Das Josefshaus gibt es inzwischen nicht mehr, es wurde in den 90er-Jahren des letzten Jahrhunderts abgerissen. Überdauert hat allerdings ein Foto, das ein zu der Zeit in Liebenau weilender Pfarrer aufgenommen hat. Sein Name: Alois Dangelmaier. Er verbrachte seine Urlaube in den Kriegsjahren in Liebenau und war in dieser Zeit dort Seelsorger für die Bewohner und Beichtpriester für die Ordensschwestern. Und er fotografierte. Auch am 2. Oktober 1940.
Identität wurde vor Deportation geprüft
Über 100 Bewohnerinnen und Bewohner standen am 2. Oktober 1940 auf der Transportliste des Innenministeriums. Dem Anstaltsleiter Josef Wilhelm gelang es mit dem Anstaltsarzt Gebhard Ritter und der Schwester M. Fausta 25 Menschen zurückzustellen. Die Übrigen brachte das Liebenauer Pflegepersonal aus ihren Wohnhäusern zu drei ehemaligen Postbussen. Vor dem Einstieg in die Busse an jenem Mittwochmorgen wurde ihre Identität geprüft und Personal der Tötungsanstalt Grafeneck drückte ihnen einen Stempel auf den Unterarm.
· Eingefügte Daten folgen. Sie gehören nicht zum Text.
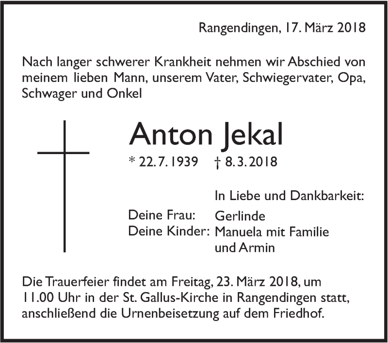 Hier finden Sie alle Traueranzeigen aus der Zeitung, die bisher für Anton Jekal erschienen sind. Weitere Traueranzeigen, die in der Zeitung erscheinen, werden hier ebenfalls aufgelistet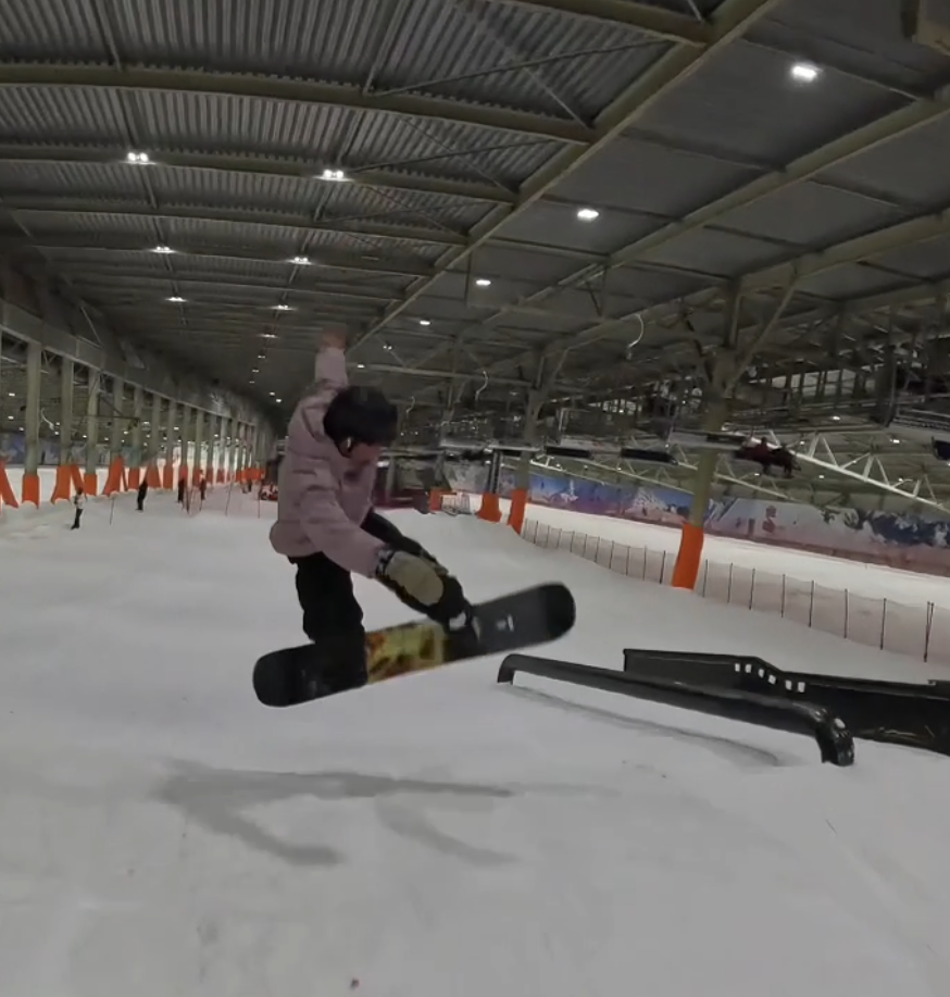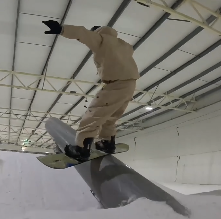 Las sesiones en Snowworld se enfocaron en el trabajo de railes y barandillas, elementos clave del Slopestyle. Precisión, equilibrio y un dominio técnico absoluto, son necesarios para encadenar los trucos de manera fluida.

Heimlich aufgenommenes Foto
Genau diese Szene hat Alois Dangelmaier fotografisch festgehalten. Dass er es heimlich tat, steht außer Frage. Erst vor einigen Monaten ist im Archiv der Stiftung Liebenau durch die Forschungsstelle „lastseen“ der Freien Universität Berlin ein Farbdia des Fotos entdeckt worden, dass einen größeren Ausschnitt der Szene zeigt. Darauf deutet sich ein Schatten im rechten Bildrand an. Das sei typisch für Aufnahmen aus dem Verborgenen aus dieser Zeit, wie die wissenschaftliche Mitarbeiterin Lisa Paduch von „lastseen“ deutete. Dangelmaier fotografierte aus einem Fenster des damaligen Josefhauses.
Bild weltweit angefragt
Szenen, wie die, die Alois Dangelmaier fotografierte, gab es deutschlandweit an die tausend. Doch nur seine Aufnahme ist bislang die einzige, die die Situation unmittelbar vor der Deportation zeigt. Sein Foto ist daher weltweit von vielen Forschungsstellen, Museen, Kommunen, Schulbuchverlagen und Medienschaffenden, die sich mit dem Nationalsozialismus und NS-„Euthanasie“ beschäftigen, angefragt worden. In den Regalen der Stiftung Liebenau stehen mittlerweile unter anderem auch Belegexemplare aus Japan, Australien und den USA.